*** Opening Extracted entries ***

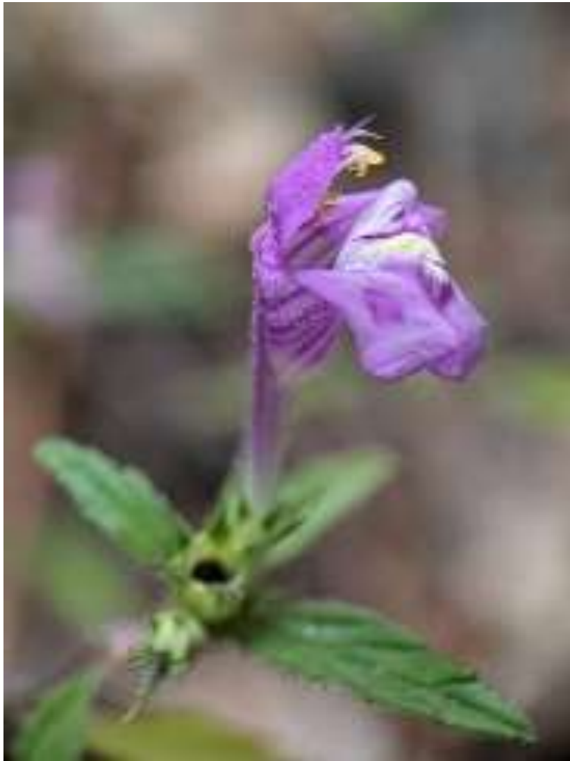
Galeopsis ladanum / Brede raai
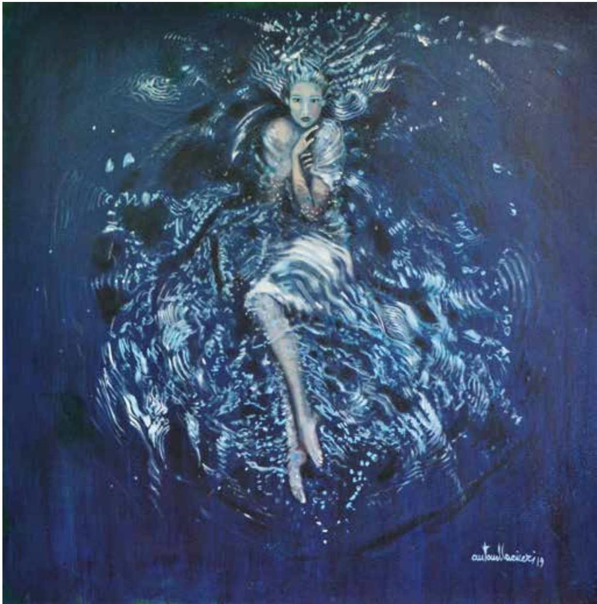
FORSE MI TROVO - 90x90 cm.
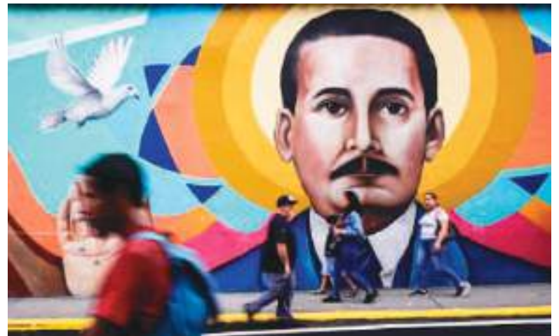
Murales de José Gregorio se aprecian por todas partes de Venezuela.

"Tal vez no soy un gran seguidor de José Gregorio como tal, pero entender que es venezolano y que su canonización en torno a toda la situación geopolítica es importante", indicó.
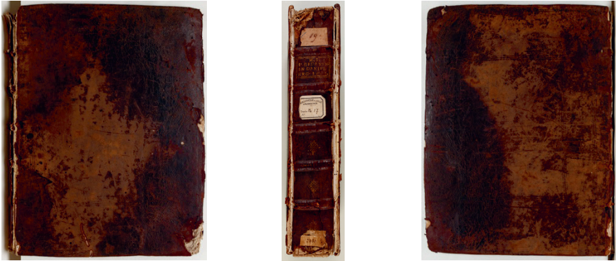
Fig. 4, 5 et 6 – Reliure non restaurée du manuscrit Avranches BM, 17 : plat supérieur, dos et plat inférieur

de ces gardes et plus particulièrement du filigrane qui nous a amenés à dater plus précisément la campagne de reliure, en partant du postulat que les reliures mauristes sont contemporaines, à quelques années près, de la production du papier filigrané.
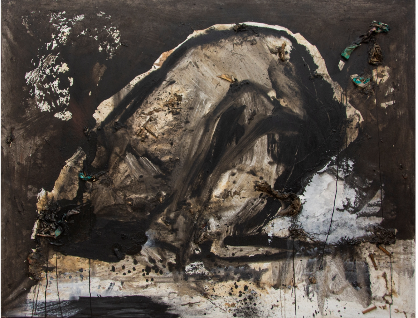
Perdón pintura, 2020 técnica mixta sobre lienzo 158 x 200 cm
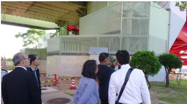
新ターミナルも整備され年間搭乗者 1 千万人を超える国 際空港、悲願の軌道系公共交通の導入への視線は鋭い
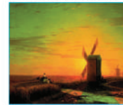
І. Айвазовський. «Вітряки в українському степу при заході сонця»
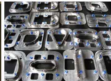
Flexibles Design von Werkzeugen

Für weitere Informationen kontaktieren Sie uns bitte direkt oder besuchen Sie uns auf www.burckhardt.com
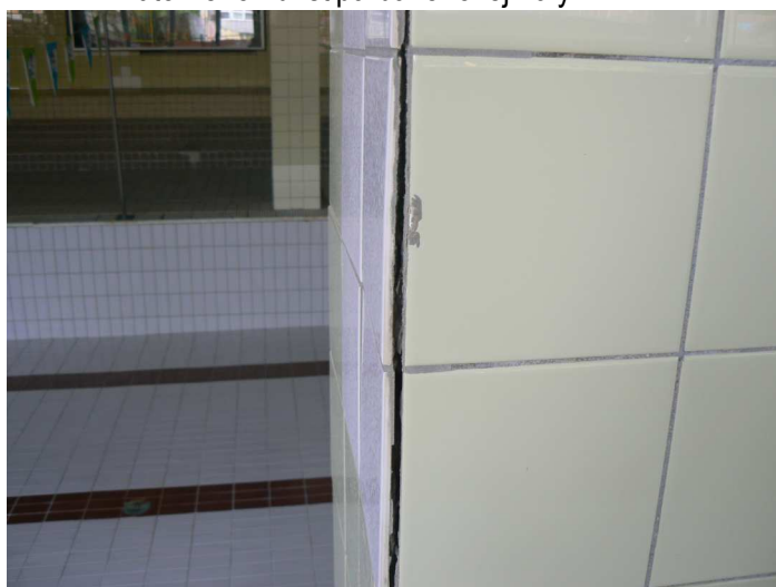
F59 Detailný pohľad na poškodený keramický obklad vnútorného žb. stĺpa bazénovej haly
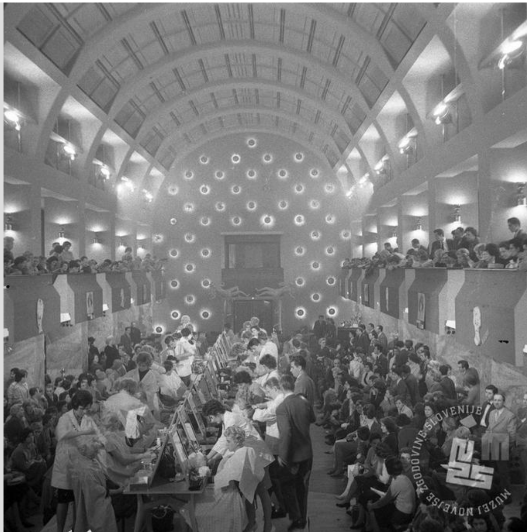
Tekmovanje frizerjev leta 1961 v Festivalni dvorani .

*** Closing Extracted entries ***

The lines above that include "Gregorio" should each be listed.

Murales de José Gregorio se aprecian por todas partes de Venezuela.
"Tal vez no soy un gran seguidor de José Gregorio como tal, pero entender que es venezolano y que su canonización en torno a toda la situación geopolítica es importante", indicó.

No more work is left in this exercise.